I joined the line, pointed to the picture that had the bowl of what I guessed was a whole lot of tuna on it, and followed the waitress to a bench seat in a crammed, steamy little “kitchen”…

10 minutes or so later, this bowl of heaven was ceremoniously plonked in front of me. The most incredible, fresh, soft tuna I’ve ever had. Fatty tuna, minced tuna, belly tuna, it was all there, and it was all so melt-in-your-mouth soft you barely had to chew it. All laid on top of a generous serving of rice, it was the perfect lunch to fuel up for the rest of the afternoon exploring. Don’t be scared of the long lines at these markets – long lines = good food!

 

Winding my way around the market, I came across another line an hour later – taiyaki! Custard filled, fish shaped waffles. Yes please!
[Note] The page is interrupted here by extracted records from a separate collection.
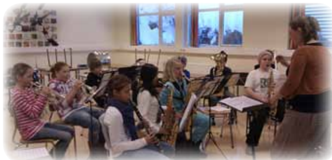
Juniororkesteret til Stinta skolemusikkorps.

Vitensenteret Sørlandet er hovedansvarlig for 3-dagerskurs som tilbys elever på 5. klassetrinn i høstferien 2011. Arendal kulturskole skal utvikle innholdet for en av dagene. Målsetting: Styrke kobling mellom kunst og realfag. Utviklingsprosjektet er støttet økonomisk av Utdanningsdirektoratet.
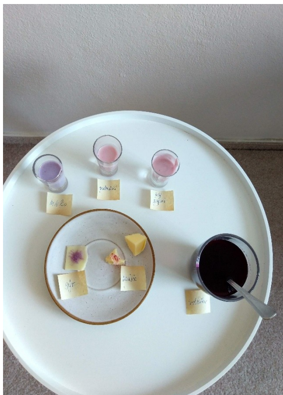
Obrázek č. 22 — Vzorke po přidání indikátoru
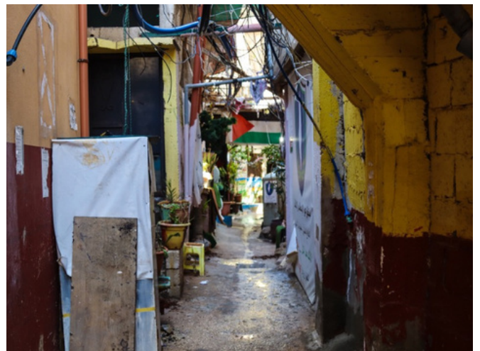
PHOTO DE MAR ELIAS
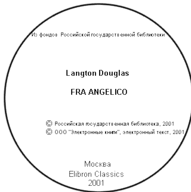
Лицевая сторона первичной упаковки
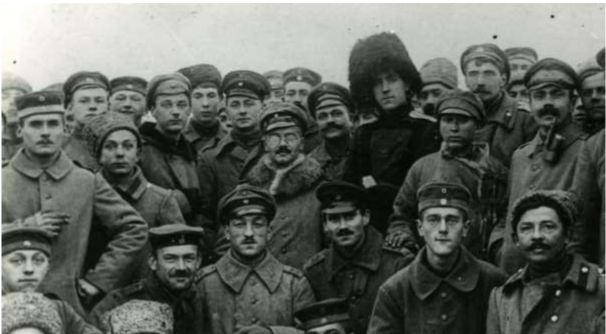
Fraternisation entre soldats allemands et russes

Suite à l'armistice signé le 15 à Brest-Litovsk, aucun combat n'a lieu sur ce front, sauf quelques engagements russo-bolchéviques préluant à la guerre civile.
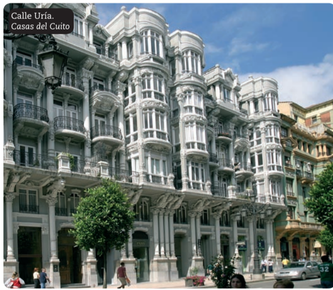
Calle Uría, Casas del Cuito

central de la ciudad, y donde se encuentran las tiendas de moda de primeras marcas a nivel mundial. Junto con la vecina Gil de Jaz, las firmas de los diseñadores más cotizados tienen su lugar preferente en el núcleo comercial ovetense. En este espacio se yerguen edificios de extraordinaria arquitectura entre las que destaca las denominadas "Casas del Cuito", en los números 27-29 de la calle Uría, levantado entre 1913 y 1917, muestra exteriormente el eclecticismo de la época junto a un barroquismo agotado, cuentan con gran variedad de detalles ornamentales.
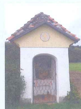
Slika 5: Kapelica

Znamenje ob cesti Zvirče - Podtabor: na zvirškem polju je stara, vendar lepo ohranjena kapelica, iz pred druge svetovne vojne.

Again, I joined the line, pointed to the picture, and got my steaming hot custard sea creature. Easy to see what all the fuss is about – these things are unreal! Creamy smooth vanilla custard inside a golden crisp waffle, perfect hand held market food.

 

As for shopping, everything did have marked prices, so bartering didn’t seem to be encouraged or accepted at all. That said, the prices were all pretty reasonable; I certainly had no need to barter for anything I was looking at.

It was pretty easy to get to and find, only a short train ride away from my accommodation in Shinjuku, and well and truly worth a visit!